Chairman Royce to Convene 10 a.m. Hearing on Benghazi Accountability at the State Department -- Chairman’s Opening Statement

Sep 18, 2013

Washington, D.C. – This morning at 10 a.m., U.S. Rep. Ed Royce (R-CA), Chairman of the House Foreign Affairs Committee, will convene a hearing on accountability within the State Department following the deadly terrorist attacks on the U.S. diplomatic facilities in Benghazi, Libya last September 11.  Under Secretary of State for Management Patrick F. Kennedy will testify. 

The hearing is entitled Benghazi: Where is the State Department Accountability?

Live webcast and witness testimony will be available HERE. 

Below is Chairman Royce’s opening statement as prepared for delivery at the hearing: 

“Since September 11, 2012, the Committee has been focused on the tragedy in Benghazi, Libya, where terrorists killed four Americans that day, including our Ambassador, the first killed in the line of duty since 1979.  The focus of today’s hearing, our fourth, is the troubling lack of accountability we have seen within the State Department since.  The bottom line is that over one year later, no State Department personnel have been held accountable for the Department’s failure to protect the Benghazi consulate, and U.S. personnel.  None.

As we know, there were so many things wrong with the State Department’s decision-making before this fatal attack.  In the face of a glaring need, with violence in Benghazi mounting, critical security requests from the field were denied.  The Department was asleep on 9/11.  This led the Accountability Review Board to find “systemic failures and leadership and management deficiencies at senior levels within two [State Department] bureaus.”  But no State Department personnel have been fired, or even disciplined.  No one has missed a paycheck.  
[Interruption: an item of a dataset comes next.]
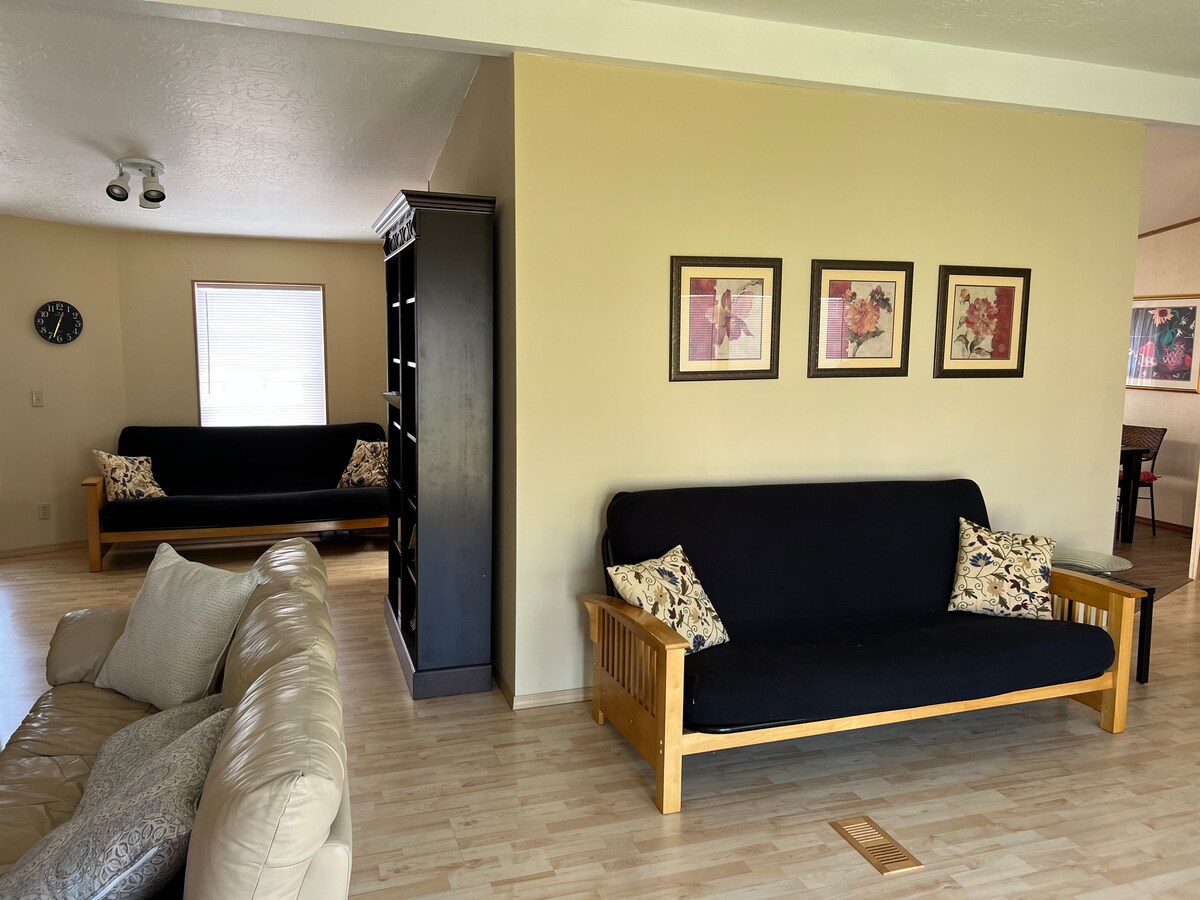 Expansive single story 5 star accommodations minutes from Costco, Fred Myers and Hydro Park. Four bedrooms, 3.5 baths with 2 game rooms, there is plenty of room to hang together or spread out and get a little space. Dual main suites make this home great for groups and with sound proofing in each room, everyone gets a little privacy. End the day with our 6 head spa shower. Game room with wet bar more games set up in the heated garage. Breakfast is provided. No additional cleaning/pet fees.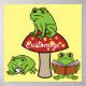 Kernfrosche, die auf und unter einem Amanita-Pilz sitzen, Tee trinken, ein Buch lesen und oben sitzen, personalisieren, indem Sie Ihren Namen in einer beliebigen Hintergrundfarbe ändern

Accountability can be painful.  Those making bad decisions may have long and otherwise good records.  But the Department can't have a culture of accountability, which is what any well-functioning organization needs, and which is essential to protecting its personnel, if no one is held accountable for the mismanagement and poor leadership the ARB identified. 

Let’s look at how the Department’s review process has played out: 

*The ARB failed to interview the Secretary of State and improbably capped responsibility at the assistant Secretary level; 

*Four officials are placed on paid administrative leave in a process that appears to have violated Department personnel policies;

*The former Secretary ceded her authority to take action against the four individuals or others to a new Secretary for his review; 

*And finally, four officials on paid leave were reinstated and reassigned into unspecified positions at this review’s conclusion, while at least one individual connected with failed management practices has received a promotion. 

I wish I did, but I just don’t see the level of accountability that Benghazi warrants.  Indeed, that Benghazi demands. 

Meanwhile, not one terrorist perpetrator has been captured or killed – despite the President saying that this was his highest priority. 

The terrorist threat in much of the world, unfortunately, is only increasing.  U.S. facilities are tempting terrorist targets. The State Department, with this Committee’s encouragement, has undertaken some important embassy security reforms.  We have put many of those reforms into legislation, passed out of this Committee, which also authorized the Administration’s full funding request for embassy security.

But no amount of money will overcome poor management, and poor management is a given without accountability.  I would ask all Committee Members: are you comfortable with this process that has no State Department official being held accountable in any meaningful way? 

Other Committees have been working on other aspects of Benghazi.  Many questions have been answered.  This Committee will continue to focus on accountability, including legislation to reform the Accountability Review Board process so that it is truly independent and future secretaries of state, of either party, can’t stack the deck.  I would hope to have bipartisan support for that. 

 As we hold this hearing, we should focus on the facts, ask the difficult questions, but work in a way that is going to lead to the most productive outcome: that is, learning from mistakes and improving the security of U.S. diplomatic personnel serving overseas, many in increasingly threatening surroundings.  That is a Committee goal I know we can all agree upon.”